4. Ammunition Logistics and Production:
- Standardization Benefits: Using standard HE shells simplifies logistics, ammunition production, and resupply chains. In a high-intensity conflict, maintaining a streamlined supply chain is crucial, and introducing a different type of round with specific applications adds complexity.
- Economics of Mass Production: HE shells are already widely produced and stockpiled by most militaries, making them more readily available. Producing and distributing a specialized thermobaric shell would require new production lines and logistics, adding costs that might not be justified by the limited tactical advantage.
Situational Use Cases for Thermobaric Rounds
While thermobaric artillery rounds are not common, there are some scenarios where their use could be more effective than standard HE rounds:
- Urban Combat and Clearing Enclosed Structures: In urban warfare, where troops may encounter enemy forces in buildings, bunkers, or underground tunnels, the overpressure and vacuum effect of thermobaric rounds could provide a significant advantage.

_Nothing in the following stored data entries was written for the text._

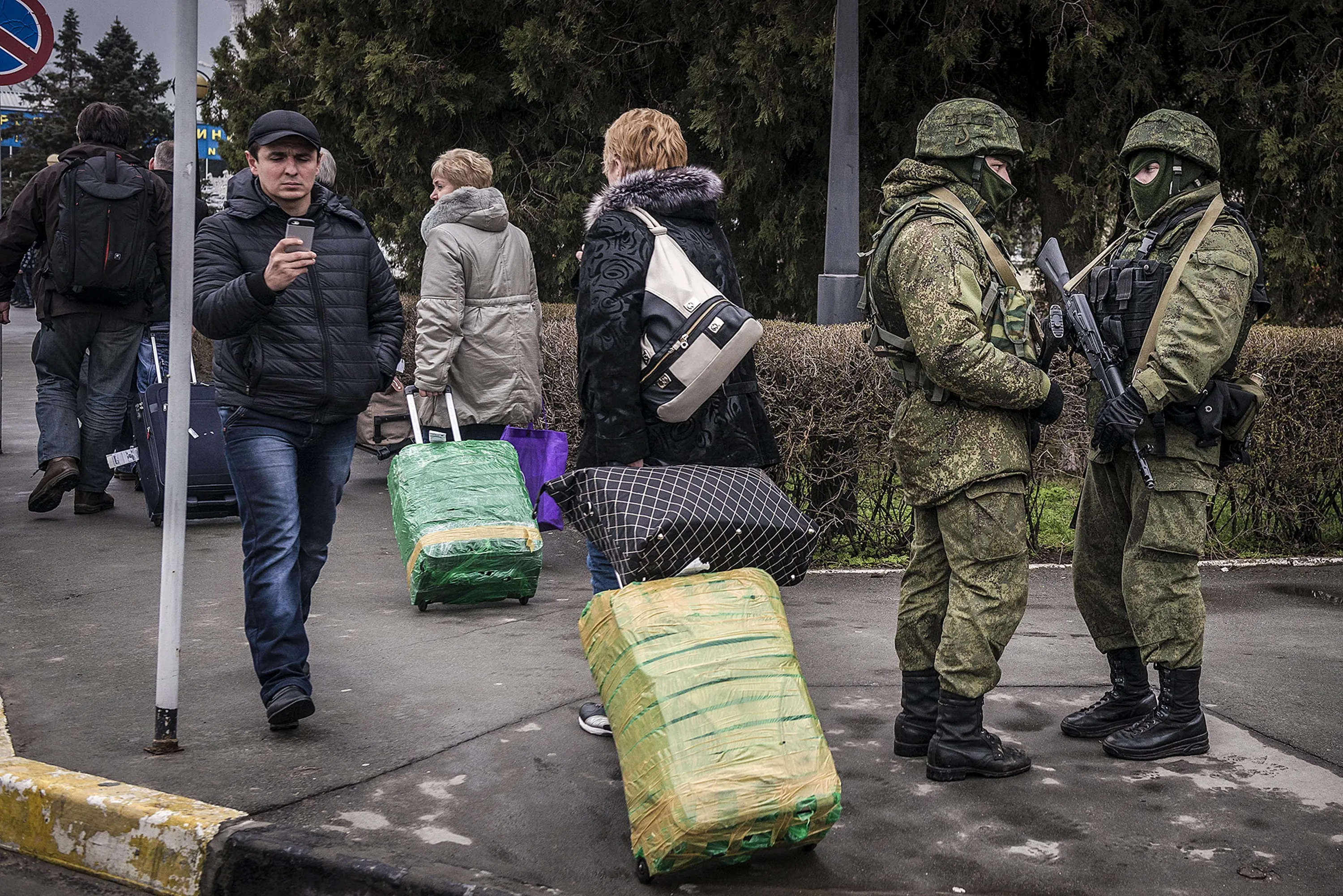 Armed men patrol the street outside Simferopol's airport in the Crimea region of Ukraine, on February 28, 2014. As the possibility of a showdown between Ukraine�s fledgling government and the Kremlin appeared to grow Friday, armed men whose uniforms bore no insignia took up positions at the Simferopol and Belbek airports as Interior Minister Arsen Avakov warned of a direct provocation, but there was no sign of any violence. (Photo by Sergey Ponomarev/The New York Times)
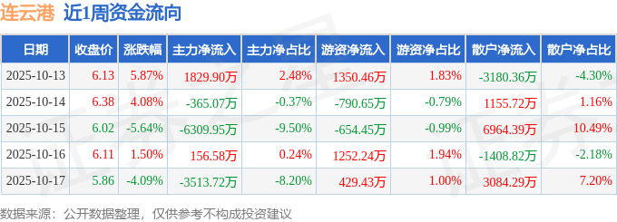 资金流向数据方面,本周连云港主力资金合计净流出8202.26万元,游资资金合计净流入1587.02万元,散户资金合计净流入6615.24万元。本周资金流向一览见下表: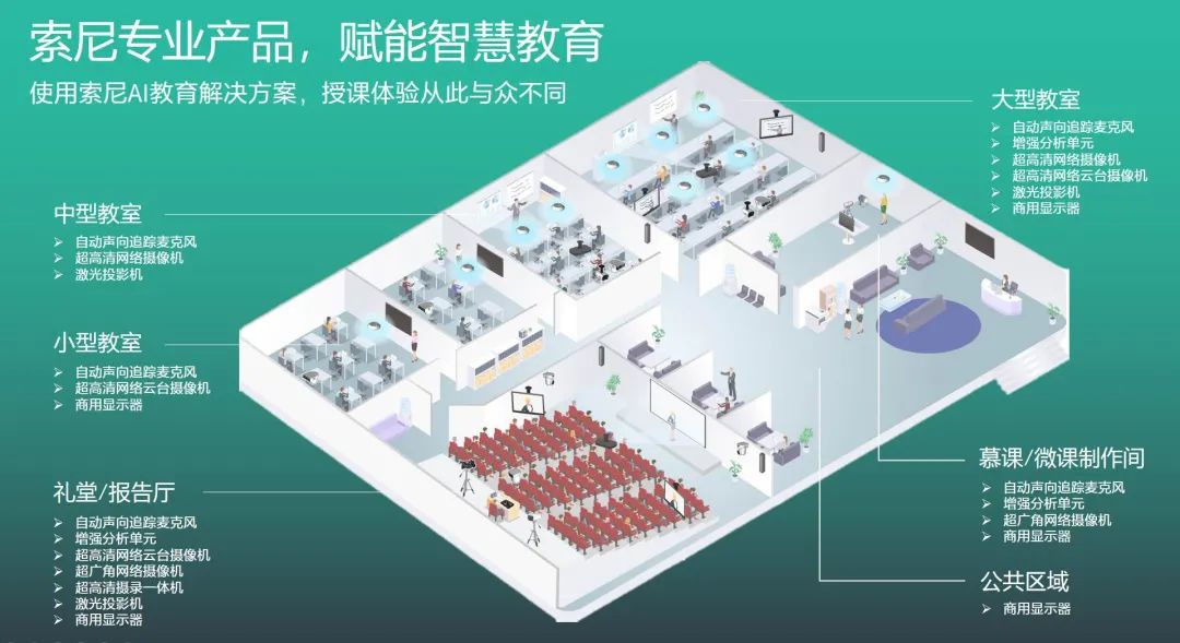 索尼提供了一系列线上+线下融合授课和在线教学的解决方案,创新、易用、高效的技术,辅以AI(人工智能)增强的音视频输出体验,可以帮助学校把每一间教室或讲堂变成一个灵活的、设施完备的远程教学空间。让课程更吸引人、为教师提供支持、帮助学生取得更好成绩。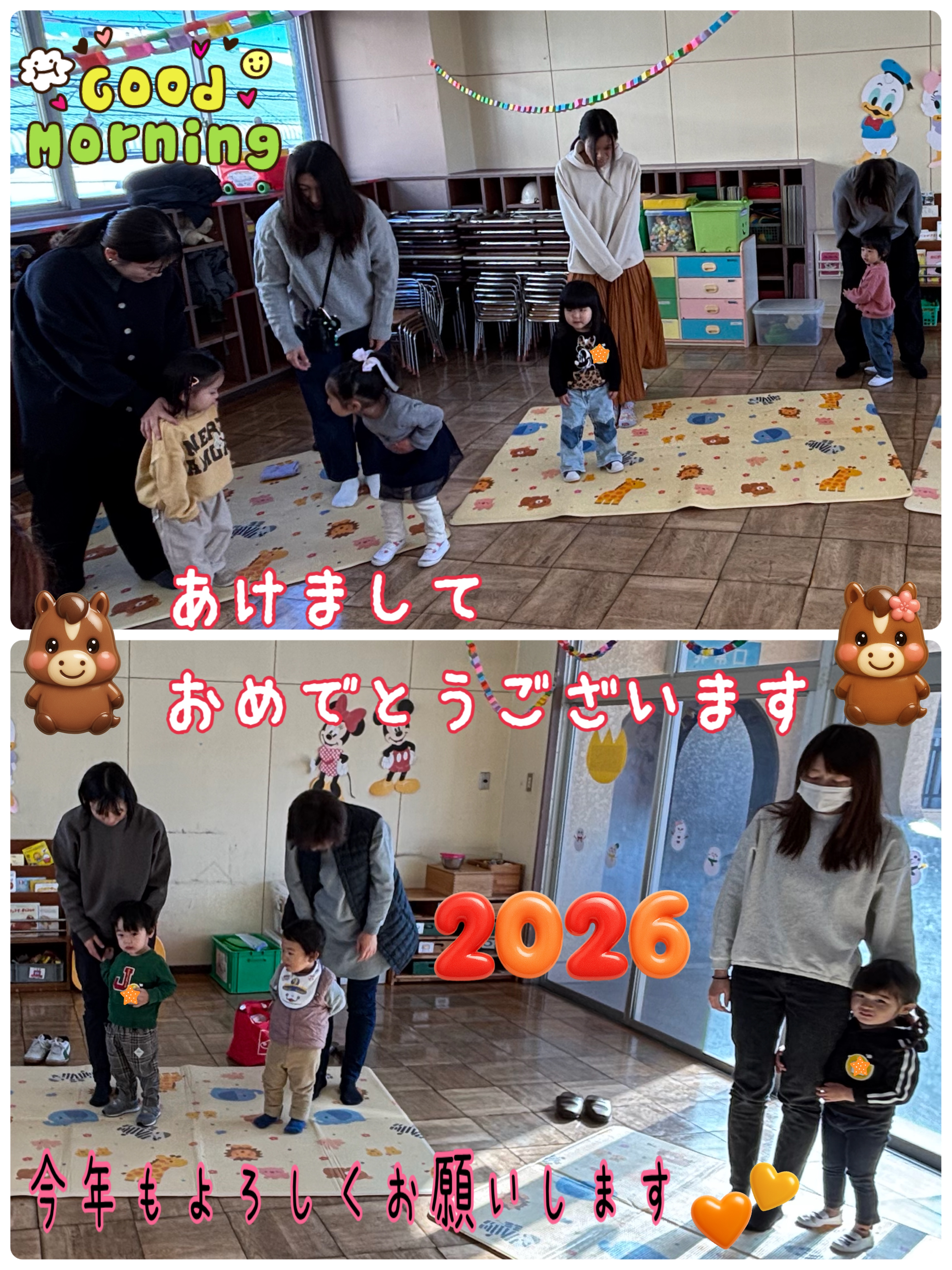 いつも通り朝の挨拶をした後、新年のご挨拶も上手にできましたね!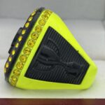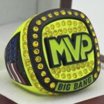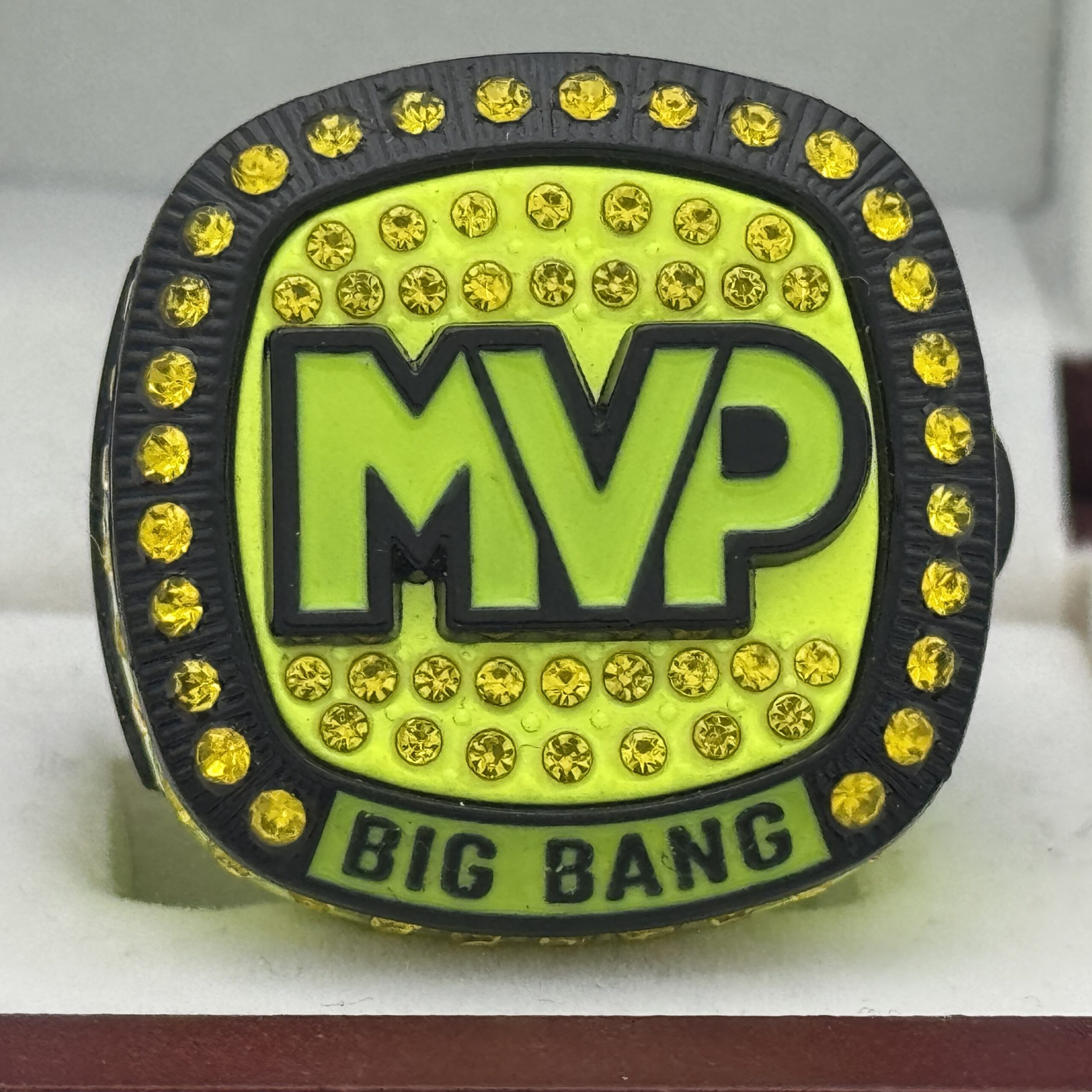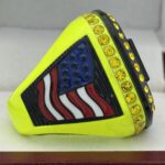 The ring body is neon yellow in color. The stones on the side bezel are yellow in color the stones in the top bezel are yellow in color. There is black color inserts on the sides of the rings. The left side of the ring shows an American Flag and the right side shows a trophy cup. The top of the ring shows MVP and Big Bang on the top.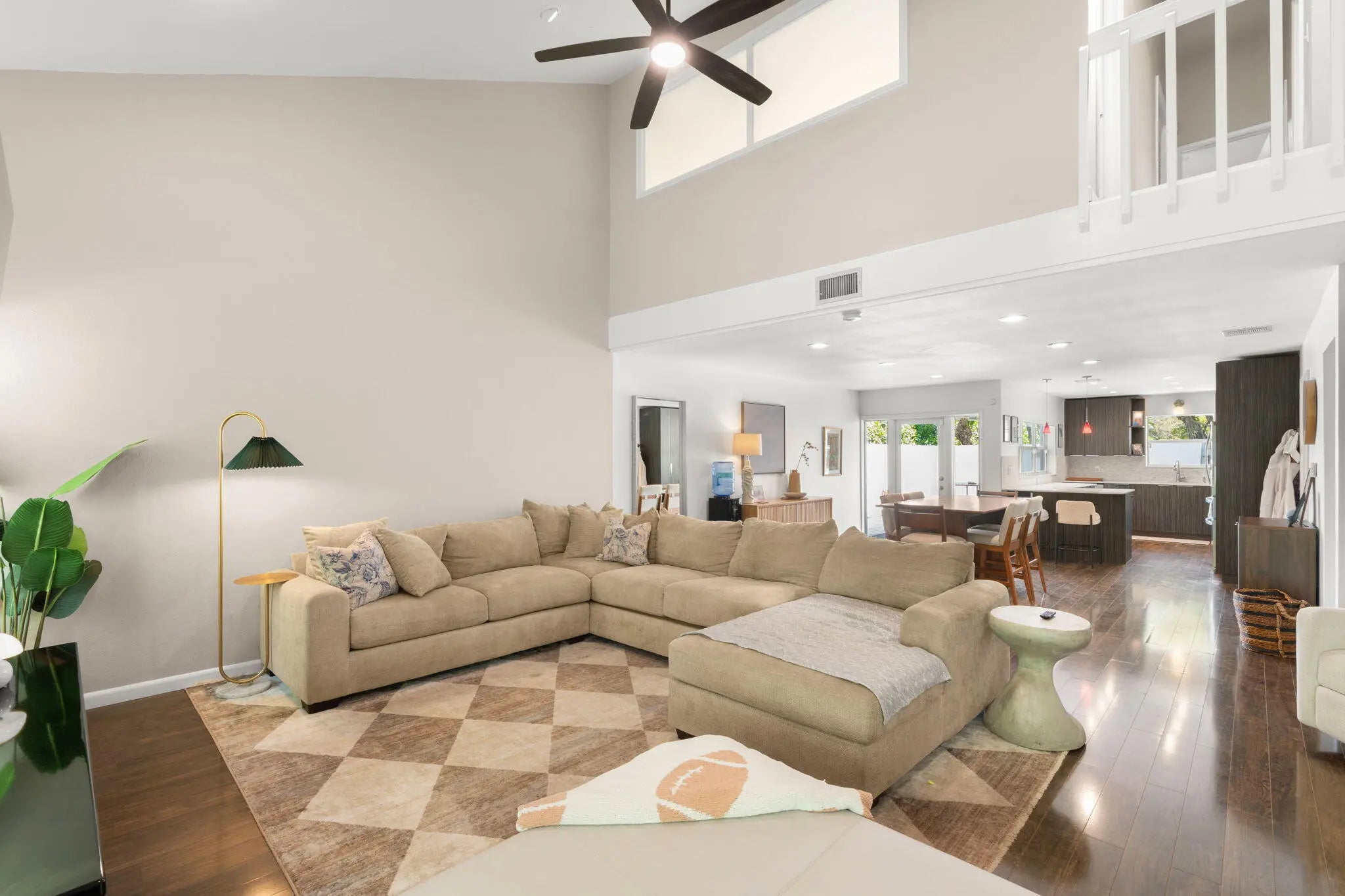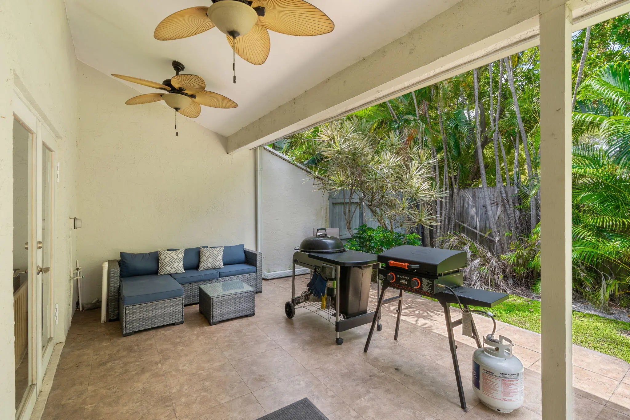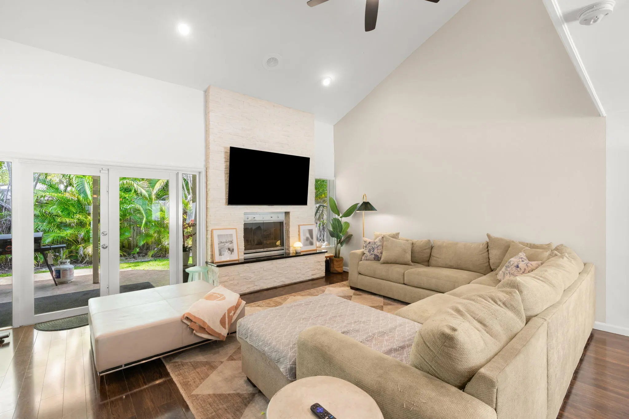 Welcome to this beautifully maintained end-unit townhome with a bright, open layout, vaulted ceilings, and abundant natural light. Laminate wood plank flooring enhances the spacious living area, featuring a striking fireplace wall and seamless flow into the dining space and kitchen with modern cabinetry, light countertops, stainless steel appliances, and bar seating. The primary suite offers vaulted ceilings and a well-appointed bath with a glass-enclosed shower and modern vanity. Enjoy a private covered patio with lush tropical landscaping. Recent improvements include roof (2021), AC (2023), and newer lighting and fans. Located within 2mi of Whole Foods, Publix, Target, LA Fitness, the beach, and I-95. 1% lender credit toward closing costs when using seller's preferred lender.

- Enemy Trenches or Caves: Forcing air-fuel mixtures into trenches or caves could allow a thermobaric round to create a more lethal overpressure effect than an HE round in these specific settings.
In such cases, the more common solution is to use thermobaric rockets or shoulder-fired systems like the Russian TOS-1 or the American SMAW-NE for clearing structures, as these systems are better suited for deploying thermobaric effects.
Conclusion: Why HE Rounds Remain Dominant
Ultimately, while thermobaric artillery rounds could theoretically offer certain advantages in specific situations, the drawbacks outweigh these benefits in most conventional artillery engagements:
- Conventional HE rounds provide broader damage through fragmentation and blast.
- They are versatile and can be adapted to different mission profiles through fusing options.
- The logistics and standardization of HE shells make them more practical for sustained operations.
In modern conflicts like the war in Ukraine, where artillery is used extensively against a range of targets, from infantry positions to vehicles and reinforced structures, the all-around capabilities of HE shells make them the preferred choice for most militaries. Thermobarics, despite their niche effectiveness, remain specialized tools rather than a mainstay of artillery tactics.